* Data below *

________________________

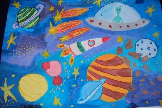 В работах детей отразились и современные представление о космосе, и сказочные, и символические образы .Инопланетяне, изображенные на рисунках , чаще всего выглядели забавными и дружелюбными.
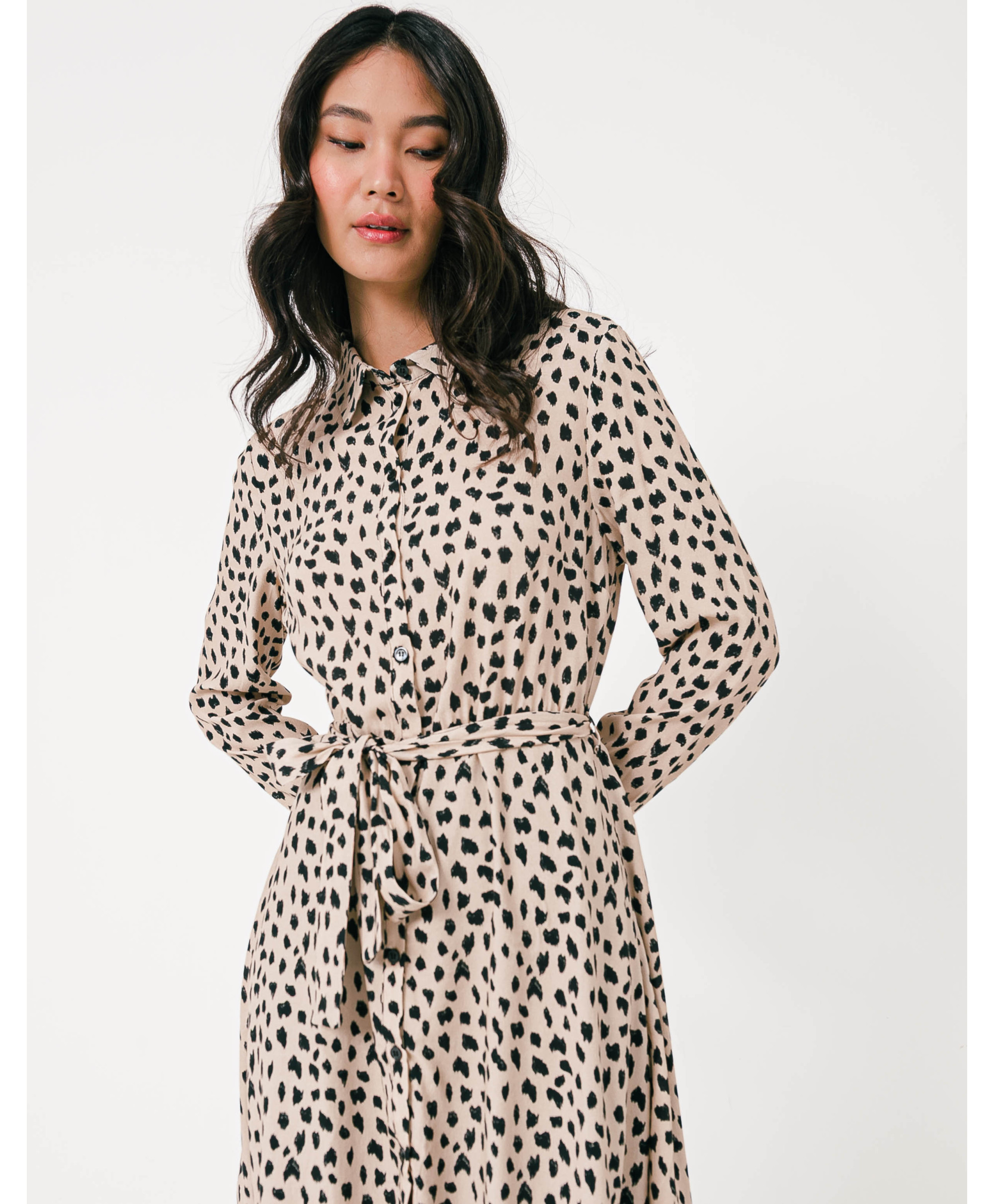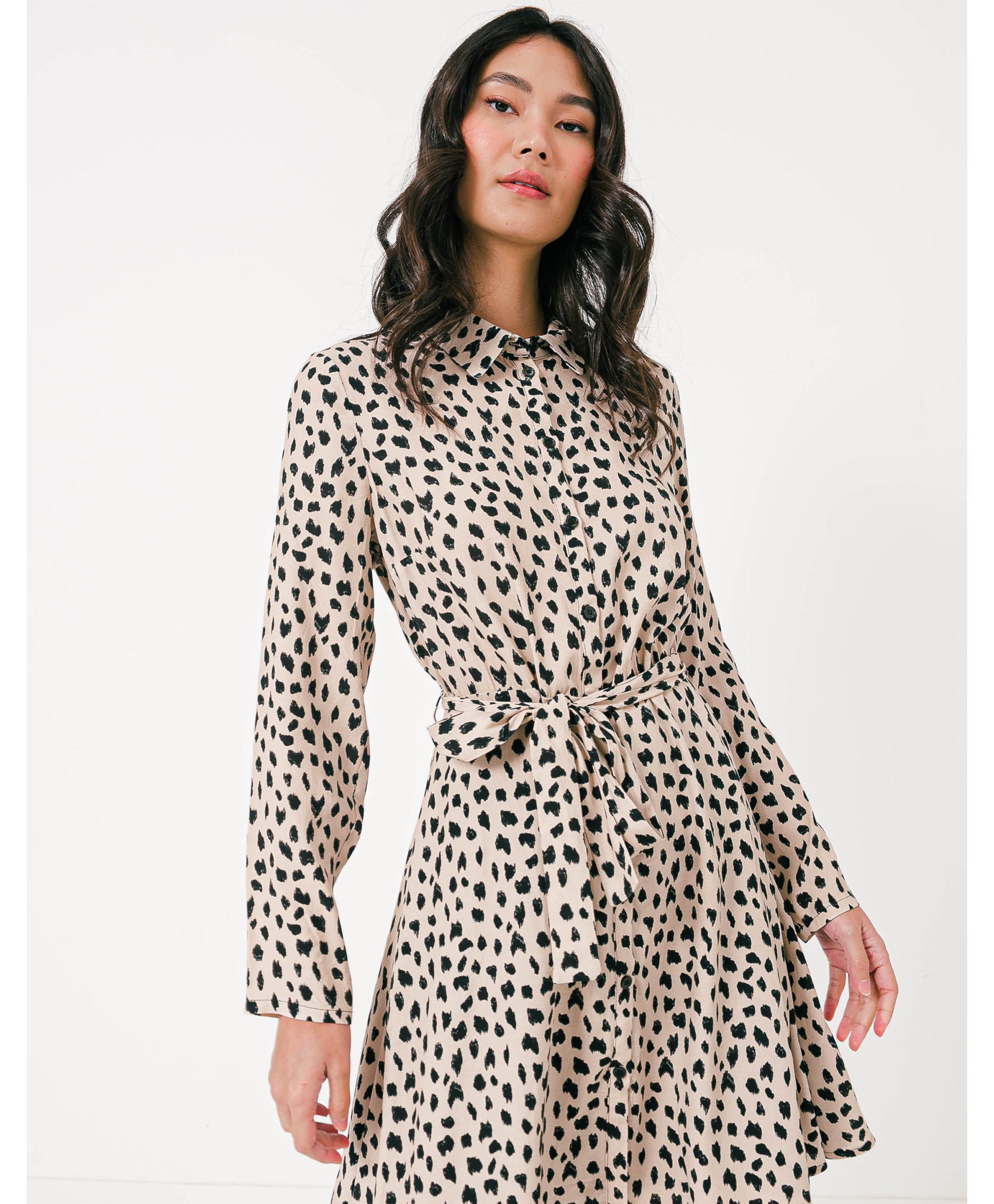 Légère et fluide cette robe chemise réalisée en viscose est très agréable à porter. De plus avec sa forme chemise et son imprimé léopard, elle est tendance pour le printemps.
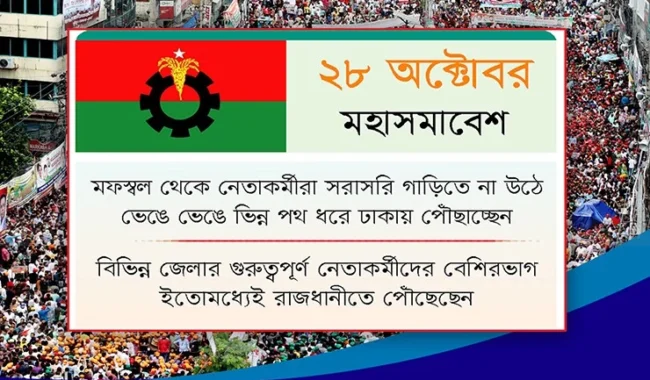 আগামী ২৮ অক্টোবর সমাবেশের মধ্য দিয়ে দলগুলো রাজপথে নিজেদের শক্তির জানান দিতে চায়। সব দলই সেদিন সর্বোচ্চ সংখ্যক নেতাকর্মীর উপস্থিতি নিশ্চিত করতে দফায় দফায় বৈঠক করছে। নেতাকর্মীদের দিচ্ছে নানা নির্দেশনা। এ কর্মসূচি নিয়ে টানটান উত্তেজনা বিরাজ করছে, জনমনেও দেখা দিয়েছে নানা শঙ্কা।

________________________

* What is required *
Give back the material above exactly, but without its images.

* Result of the exercise *
 В работах детей отразились и современные представление о космосе, и сказочные, и символические образы .Инопланетяне, изображенные на рисунках , чаще всего выглядели забавными и дружелюбными.
 Légère et fluide cette robe chemise réalisée en viscose est très agréable à porter. De plus avec sa forme chemise et son imprimé léopard, elle est tendance pour le printemps.
 আগামী ২৮ অক্টোবর সমাবেশের মধ্য দিয়ে দলগুলো রাজপথে নিজেদের শক্তির জানান দিতে চায়। সব দলই সেদিন সর্বোচ্চ সংখ্যক নেতাকর্মীর উপস্থিতি নিশ্চিত করতে দফায় দফায় বৈঠক করছে। নেতাকর্মীদের দিচ্ছে নানা নির্দেশনা। এ কর্মসূচি নিয়ে টানটান উত্তেজনা বিরাজ করছে, জনমনেও দেখা দিয়েছে নানা শঙ্কা।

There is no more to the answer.